Sektörel bazda baktığımızda; tarım sektörünün yüzde 7,6, imalat sanayinin yüzde 3,8, inşaat sektörünün yüzde 1,7, hizmetler sektörünün yüzde 4,8 oranında büyüdüğünü görmekteyiz. Özel kesim yatırımları da, sadece %1,7 oranında büyüyebilmiştir.
Büyümenin sektörel dağılımında imalat sanayinin payının %24 ile ilk sırada yer alması; imalat sanayi büyümesinin genel büyümeye ve beraberinde tetikleyeceği, ticarete, finansa, hizmetler sektörüne olan katkısı ile birlikte dikkatle değerlendirilmelidir.
Payı %9 olan tarım sektörünün neredeyse yarısı oranında büyüyor olmasına rağmen, imalat sanayinin büyümeye tarımdan daha fazla katkı koyabiliyor olmasının ana nedeni, budur. İşte bu nedenden dolayı diyoruz ki; sanayi yatırımlarının ve üretimin önündeki engeller, bariyerler bir bir kaldırılmalı, gerekirse konjonktürel durumlarda pozitif ayrımcılığa tabi tutulmalıdır ki sanayici sadece işini büyütmeye odaklansın.
Çünkü, büyüyen sanayi, artan ihracat demek, büyüyen Türkiye demek, refah seviyesi yüksek bir millet demektir. Bu bağlantıyı çözmüş ve o yönde politikalar geliştiren ülkeler, bugün elde ettikleri çıktıları ile gücünü ortaya koymaktadırlar. Yani, yeni bir keşfe ihtiyaç yoktur.
Yani, büyüme verisi sadece bir rakamdan ibaret değildir. Bugün az büyüdük, yarın daha fazla büyürüz de değildir. Analizinde; uygulanan politikaların ne derece doğru olduğunu göstermekte, yapılması gerekenlere dair de önemli sinyaller vermektedir.
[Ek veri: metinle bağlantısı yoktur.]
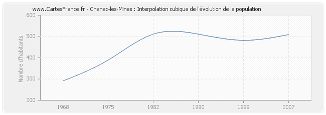 Cette courbe reprend l'historique de la population de Chanac-les-Mines de 1968 à 2007 en interpolation cubique. Ceci permet d'obtenir plus précisément la population de la commune de Chanac-les-Mines les années ou aucun recensement n'a été effectué.

Yeter ki, bakmasını bilelim ve yeter ki, proaktif davranabilelim.
%3-4 bandına sıkışmış bir büyüme ortamında; ülkemizin güvenlikten, dış politikaya, iç siyasetten ekonomik göstergelere kadar geniş bir alan içerisinde aşmak zorunda olduğu konular, her kesimi olumsuz etkileme özelliğine sahiptir. 2016 yılının, 2015 yılından daha zor geçeceğini ifade etmiş olsak da, ülkemizin büyük bir güce ve potansiyele sahip olduğunu da çok iyi biliyoruz. Pes etmeden, birlik ve beraberliğimizi bozmadan el ele dün nasıl başardıysak, bugün de başarabilir ve yarınlara da umut olabiliriz.
Bu vesile ile 23 Nisan Ulusal Egemenlik ve Çocuk Bayramı ile Polis Teşkilatımızın 171. yıldönümünü kutluyor, başta Ulu Önder Mustafa Kemal Atatürk olmak üzere, vatan savunmasında dünden bugüne şehit olan tüm güvenlik güçlerimizi şükranla ve minnetle anıyoruz.